We walked on in silence. The street, where smoking Saxon hovels huddled among the flaking walls of the Roman city, seemed strangely empty, for the hunt had swept to the farther end of the town and discovered the corn store; empty of the living, that is to say. There were enough bodies lying darkly sprawled in the glare of the angry sunset. Once a party of weeping women and children passed us, herded along by my men in the direction of the old fortress, where they could be more easily pent than in the town, but there were not many, even of them. A good number, I think, had escaped and would be heading for the coast; for the rest, there had been something of a massacre in Eburacum that fiery golden evening. Well, it might put the fear of God as well as Artos the Bear into the coastwise settlements. . . .
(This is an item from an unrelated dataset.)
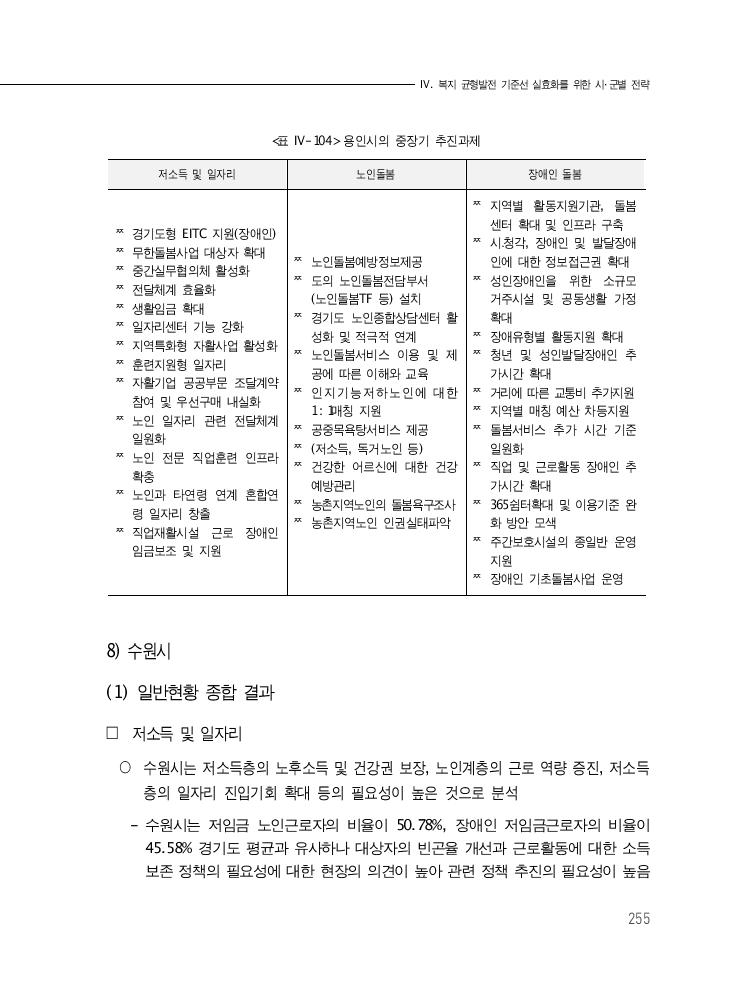 Ⅳ. 복지 균형발전 기준선 실효화를 위한 시·군별 전략 255 저소득 및 일자리 노인돌봄 장애인 돌봄  경기도형 EITC 지원(장애인)  무한돌봄사업 대상자 확대  중간실무협의체 활성화  전달체계 효율화  생활임금 확대  일자리센터 기능 강화  지역특화형 자활사업 활성화  훈련지원형 일자리  자활기업 공공부문 조달계약 참여 및 우선구매 내실화  노인 일자리 관련 전달체계 일원화  노인 전문 직업훈련 인프라 확충  노인과 타연령 연계 혼합연 령 일자리 창출  직업재활시설 근로 장애인 임금보조 및 지원  노인돌봄예방정보제공  도의 노인돌봄전담부서 (노인돌봄TF 등) 설치  경기도 노인종합상담센터 활 성화 및 적극적 연계  노인돌봄서비스 이용 및 제 공에 따른 이해와 교육  인지기능저하노인에 대한 1:1매칭 지원  공중목욕탕서비스 제공  (저소득, 독거노인 등)  건강한 어르신에 대한 건강 예방관리  농촌지역노인의 돌봄욕구조사  농촌지역노인 인권실태파악  지역별 활동지원기관, 돌봄 센터 확대 및 인프라 구축  시․청각, 장애인 및 발달장애 인에 대한 정보접근권 확대  성인장애인을 위한 소규모 거주시설 및 공동생활 가정 확대  장애유형별 활동지원 확대  청년 및 성인발달장애인 추 가시간 확대  거리에 따른 교통비 추가지원  지역별 매칭 예산 차등지원  돌봄서비스 추가 시간 기준 일원화  직업 및 근로활동 장애인 추 가시간 확대  365쉼터확대 및 이용기준 완 화 방안 모색  주간보호시설의 종일반 운영 지원  장애인 기초돌봄사업 운영 <표 Ⅳ-104> 용인시의 중장기 추진과제 8) 수원시 (1) 일반현황 종합 결과 □ 저소득 및 일자리 ○ 수원시는 저소득층의 노후소득 및 건강권 보장, 노인계층의 근로 역량 증진, 저소득 층의 일자리 진입기회 확대 등의 필요성이 높은 것으로 분석 - 수원시는 저임금 노인근로자의 비율이 50.78%, 장애인 저임금근로자의 비율이 45.58% 경기도 평균과 유사하나 대상자의 빈곤율 개선과 근로활동에 대한 소득 보존 정책의 필요성에 대한 현장의 의견이 높아 관련 정책 추진의 필요성이 높음

We reached the narrow street just short of the east gate, and turned into it; and instantly the fierce sunset light was cut off and the cool waters of the dusk flowed about us. Halfway down the street a gleam of saffron light shone from an open doorway, spilling already a faint yellow stain across the way. Several of the Companions stood beside the door, and they parted in the silence of men utterly weary, to let me through. Someone had brought a torch, kindled I suppose from a smoldering roof or someone’s forsaken hearth; and by its light I saw that the floor beneath my feet was of fine tesserae, though white with the droppings of swallows from their nests in the ragged thatch, and there were traces of color as well as damp stains on the plastered evil-smelling walls. Another door at my shoulder was open, and one of the Bearers of the Blue War Shield stood aside from before it. I glanced at Flavian, and then turned in through it, the man with the torch following me.
The room was a smallish one, but even so the makeshift torch left the walls in shadow, the light, as the man raised his arm, falling full upon the two figures in its midst. A woman lay there on a low pallet bed; a woman in the long straight folds of a crimson gown, with the glint of royal goldwork about her head. And beside her crouched a boy of about fourteen, with one arm circled protectingly across her body. For one wing beat of time, stillness held the scene within it as a bee is held in the heart of a tear of amber. Then as I entered, the boy sprang up like a wild beast and whirled about to face me. But from the woman there came no movement, no quiver under the straight folds of the crimson gown that ran unbroken as the fluting on a column from the white neck to the rigid feet.